Below are quick, one‑line matches (use canonical links when syndicating).
DEV Community (dev.to) — best for instant reach and community feedback
Direct link: https://dev.to/
Hashnode — best for building a developer blog with discovery and a custom domain
Direct link: https://hashnode.com/
Medium — best for explainers and thought leadership with optional publication placement
Direct link: https://medium.com/
In Plain English — best for production‑ready tutorials, AI/ML and cloud content, and syndicating company posts
Direct link: https://plainenglish.io
freeCodeCamp News — best for rigorous, educational tutorials that help people learn by doing
Direct link: https://www.freecodecamp.org/news/
Personal blog (self‑hosted) — best for full control, long‑term SEO, and product documentation hubs
Tip: Publish on your domain, then cross‑post to In Plain English/dev.to/Hashnode.
Which platforms have the largest/most relevant developer audiences—and what metrics matter?
Look at measurable signals instead of vibes:
- Monthly unique visitors and pageviews (overall and by topic)
- Email/newsletter subscribers and open/click rates
- Social and in‑platform follower counts (publication followers, starred writers)
- Post‑level engagement: median reads, comments, saves, and time on page
- Search footprint: percent of traffic from organic search vs. internal distribution
- Geographic reach and language coverage
- Acceptance rate and time‑to‑publish for editorial outlets
- Backlink and canonical support policies (for SEO and attribution)
In Plain English by the numbers (as of 2026):
- Global reach: readers in 200+ countries; millions of monthly views across its network and own site
- Community scale: 400,000+ followers across its Medium publications
- Content library: 100,000+ published articles network‑wide; 4,000+ articles on plainenglish.io
- Lifetime impact: 200,000,000+ total views across the network
- Publishing model: contributor submissions, technical syndication (canonical supported), and clearly labeled sponsored developer content for companies
What do editors expect in a guest‑post pitch?

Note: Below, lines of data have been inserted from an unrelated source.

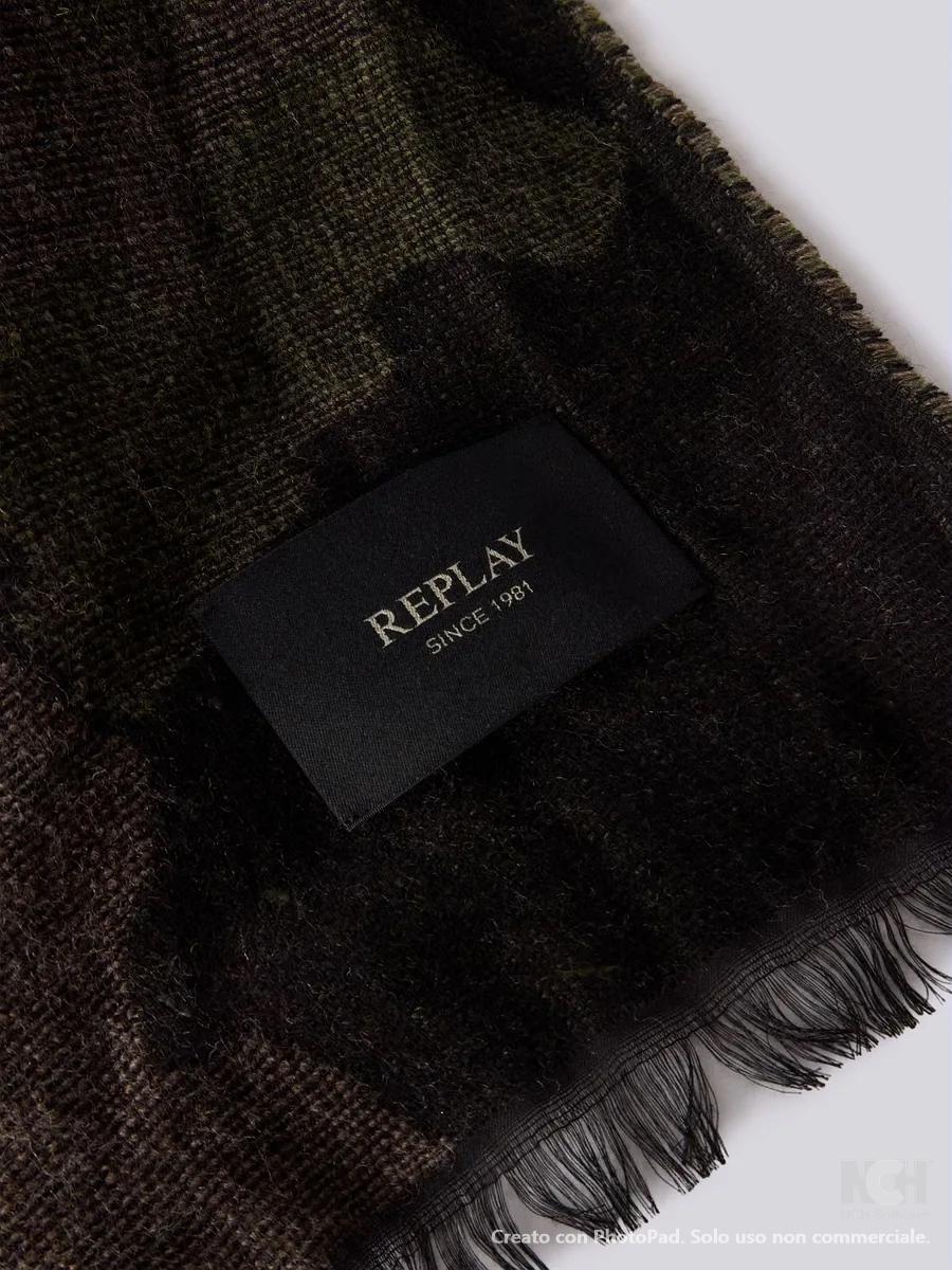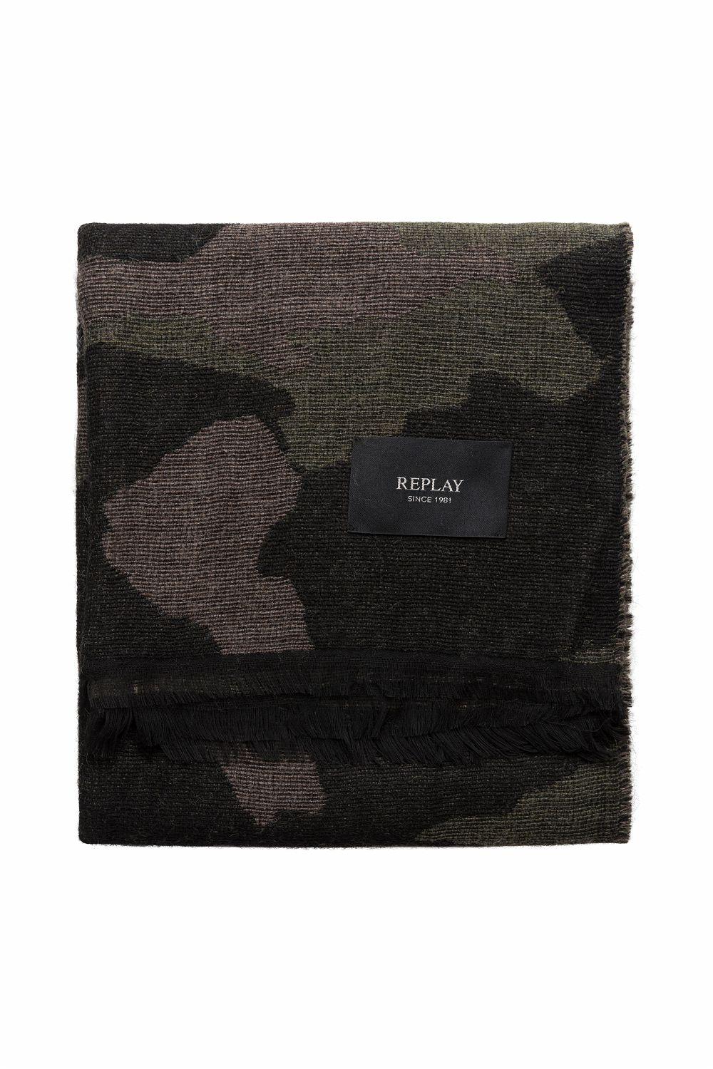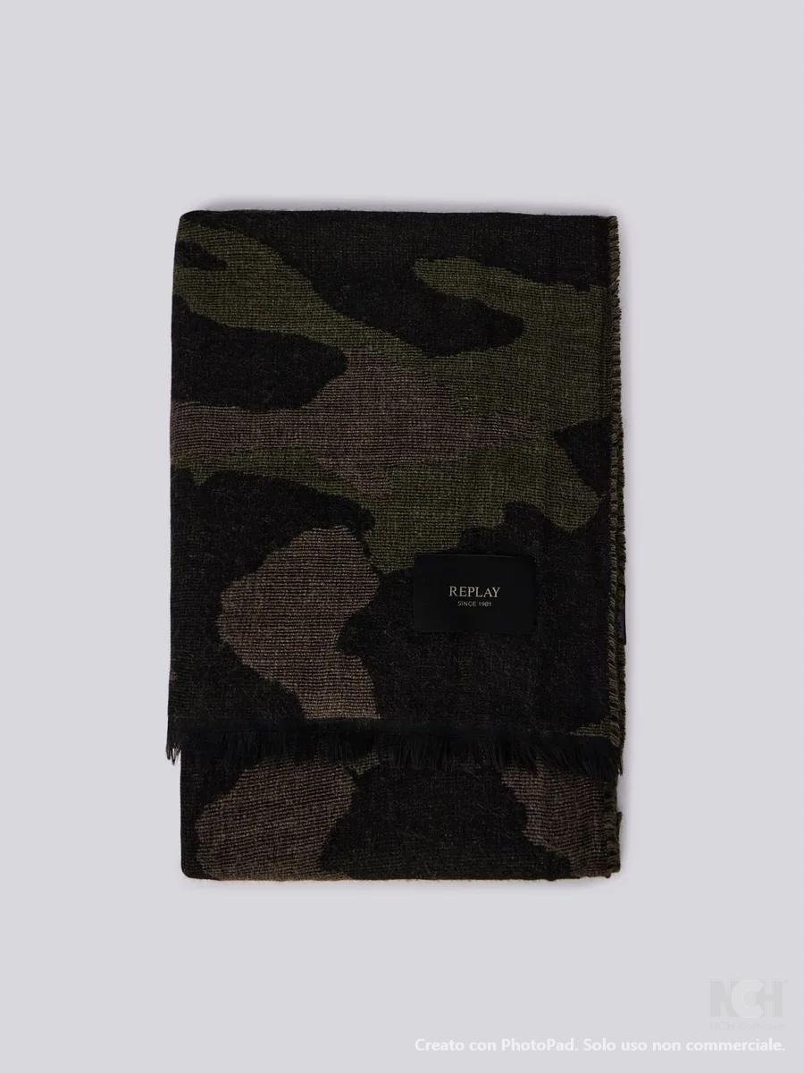 Sciarpa realizzata in misto lana con fantasia camouflage all over. Il modello è rifinito con piccole frange e un'etichetta logata applicata al fondo.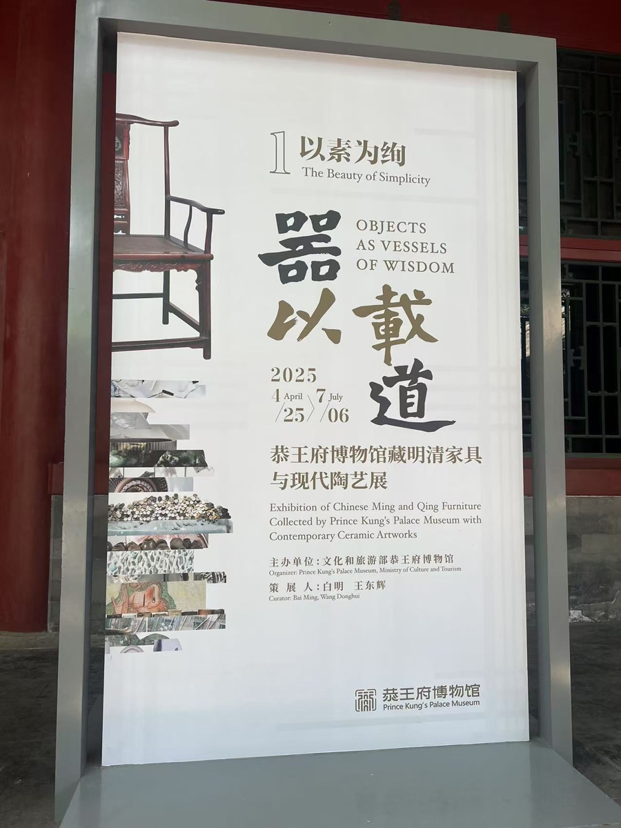 在初夏的微风中,恭王府嘉乐堂迎来了一场跨越时空的艺术对话。近日,由文化和旅游部恭王府博物馆主办的“器以载道——恭王府博物馆藏明清家具与现代陶艺展”启幕。展览汇聚了29件珍贵的明清家具与18位当代艺术家创作的28件陶艺作品,以独特的策展思路,让传统与当代在古建空间中碰撞出新的美学火花。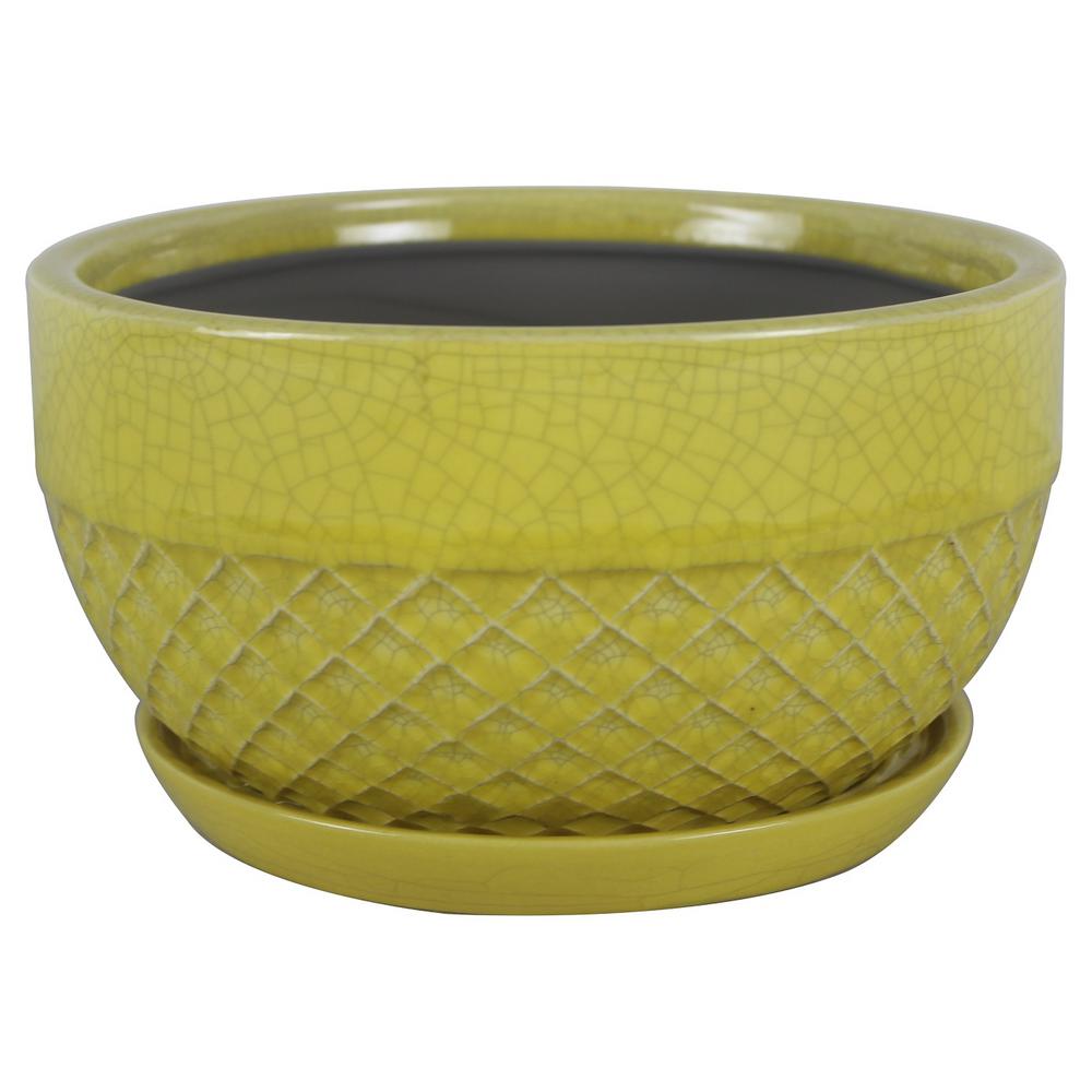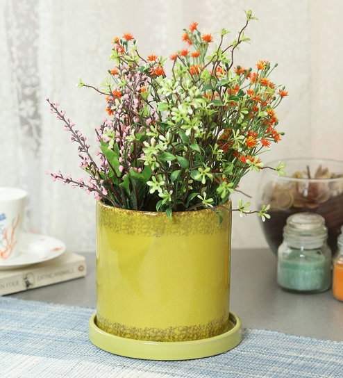 Ceramic Plant Pot With Yellow Saucer Buy Plant Pot Flower Pot

Give them specifics, not fluff.
Quick pitching checklist
- Read contributor guidelines first and mirror their structure/length. 2) Pitch one concrete idea with 1–2 proposed headlines and a 3–5 bullet outline. 3) Explain the reader benefit and fit for their audience. 4) Include 1–2 writing samples (posts, repos, demos). 5) Disclose affiliations or sponsorships. 6) Promise a delivery date and stick to it. 7) Show code and reproducible steps; link to a public repo.
Copy‑paste pitch template
Subject: Pitch — [Proposed title]
Hi [Editor name],
I’d like to contribute a [tutorial/case study/opinion] to [Publication].

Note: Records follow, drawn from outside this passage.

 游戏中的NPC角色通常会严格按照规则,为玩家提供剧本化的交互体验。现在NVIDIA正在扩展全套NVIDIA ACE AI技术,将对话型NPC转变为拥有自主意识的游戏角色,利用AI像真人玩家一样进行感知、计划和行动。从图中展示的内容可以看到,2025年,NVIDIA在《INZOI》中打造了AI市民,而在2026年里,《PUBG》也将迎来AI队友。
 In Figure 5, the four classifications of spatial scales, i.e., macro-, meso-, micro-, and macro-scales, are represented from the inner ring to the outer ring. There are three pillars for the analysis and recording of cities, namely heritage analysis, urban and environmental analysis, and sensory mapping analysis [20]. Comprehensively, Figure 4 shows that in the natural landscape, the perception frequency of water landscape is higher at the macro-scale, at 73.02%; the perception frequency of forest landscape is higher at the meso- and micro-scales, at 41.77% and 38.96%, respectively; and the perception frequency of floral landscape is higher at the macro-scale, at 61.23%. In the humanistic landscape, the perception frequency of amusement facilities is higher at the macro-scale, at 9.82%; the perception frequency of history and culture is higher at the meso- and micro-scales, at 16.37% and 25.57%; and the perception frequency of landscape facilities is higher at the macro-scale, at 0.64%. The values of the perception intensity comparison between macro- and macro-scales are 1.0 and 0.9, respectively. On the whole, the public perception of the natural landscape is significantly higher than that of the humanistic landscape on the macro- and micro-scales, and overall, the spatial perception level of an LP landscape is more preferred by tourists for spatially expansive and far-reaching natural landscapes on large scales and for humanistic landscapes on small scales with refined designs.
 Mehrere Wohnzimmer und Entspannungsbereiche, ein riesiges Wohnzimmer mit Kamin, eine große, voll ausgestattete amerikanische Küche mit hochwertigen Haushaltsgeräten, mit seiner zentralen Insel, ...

Problem and angle: In 2–3 sentences, state the developer problem and your unique approach. Mention the tech stack and outcomes (e.g., performance gains, DX improvements).
Outline:
- [Section 1]: what the reader will build/learn
- [Section 2]: step‑by‑step with code and repo link
- [Section 3]: trade‑offs, pitfalls, and production notes
Why it fits your readers: One sentence mapping the post to their audience and coverage pillars.

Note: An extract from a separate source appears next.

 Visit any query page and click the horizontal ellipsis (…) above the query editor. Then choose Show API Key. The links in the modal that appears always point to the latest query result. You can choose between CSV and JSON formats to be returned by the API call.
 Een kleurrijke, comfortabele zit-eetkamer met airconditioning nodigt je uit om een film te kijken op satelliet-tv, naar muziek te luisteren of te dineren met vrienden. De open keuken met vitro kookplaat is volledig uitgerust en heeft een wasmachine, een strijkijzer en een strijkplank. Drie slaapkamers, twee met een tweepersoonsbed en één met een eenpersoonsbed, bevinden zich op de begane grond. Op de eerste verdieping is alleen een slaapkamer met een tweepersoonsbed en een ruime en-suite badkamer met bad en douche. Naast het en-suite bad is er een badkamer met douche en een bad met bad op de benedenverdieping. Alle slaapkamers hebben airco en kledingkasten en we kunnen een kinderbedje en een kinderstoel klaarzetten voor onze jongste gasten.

About me: [Role/company], [1–2 relevant links to past writing or GitHub]. I can deliver a draft by [date]. Disclosures: [any sponsorships/tools used].
Thanks, [Your name] — [email/X/GitHub]
Bottom line: where should you pitch to reach developers in 2026?
- For speed and engagement, self‑publish on DEV Community or Hashnode and cross‑post with a canonical link.
- For editorial trust and scale, pitch In Plain English or freeCodeCamp; add Hacker Noon/SitePoint/Smashing based on topic.
- For cloud/DevOps and architecture, target DigitalOcean Community, DZone, InfoQ, or The New Stack. Always lead with code, reproducibility, and honest trade‑offs—developer readers reward depth, clarity, and transparency.